AI & Machine Learning job roles we recruit.
Specialist AI, ML and generative AI talent for Brisbane teams shipping intelligent products and agentic systems.
What hiring managers are looking for
Machine Learning Fundamentals
Tools and models continue to evolve quickly, but employers still value strong foundations in machine learning, statistics and model evaluation. Candidates need to understand why an approach works, its limitations and when another approach may be more appropriate.

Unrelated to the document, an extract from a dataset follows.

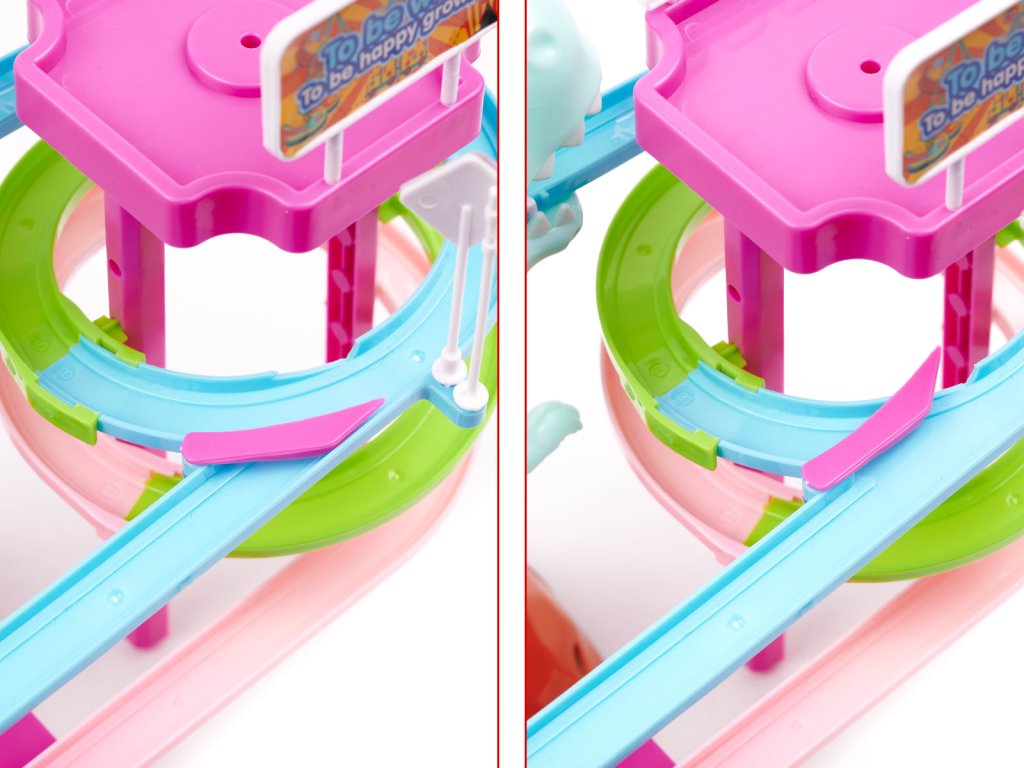 Toto je hračka, která vydává zvuky. Autíčka mají vlastní pohon, takže se mohou pohybovat po klikaté dráze nahoru a dolů.

Python, SQL & Data Capability
Strong programming and data foundations remain central to many AI and machine learning roles. Python and SQL are particularly relevant, alongside the ability to work confidently with large, complex and sometimes imperfect datasets.
Generative AI & NLP
Generative AI and natural language processing are creating new use cases across Australian organisations. Employers increasingly value practical experience with large language models, retrieval techniques and the development of useful AI-enabled applications.
Production AI & MLOps
Building a successful model in an experimental environment is different from operating one reliably in production. MLOps, deployment, monitoring, versioning and model lifecycle management are increasingly important capabilities.
Data Engineering & Cloud Platforms
AI systems depend heavily on the quality and availability of their underlying data and infrastructure. Experience with data pipelines, cloud environments and scalable computing can significantly strengthen an AI or machine learning skill set.
Responsible AI & Governance
As AI adoption grows, organisations are paying greater attention to privacy, security, bias, explainability, model risk and responsible use. Candidates who understand both AI capability and its governance implications can bring additional value.
Beyond the technical skills
The strongest AI professionals don't begin every conversation with a model. They begin with the problem.
Employers value people who can determine whether AI is actually the appropriate solution, explain complex concepts to non-specialists and balance experimentation with commercial reality, data limitations, risk and responsible implementation.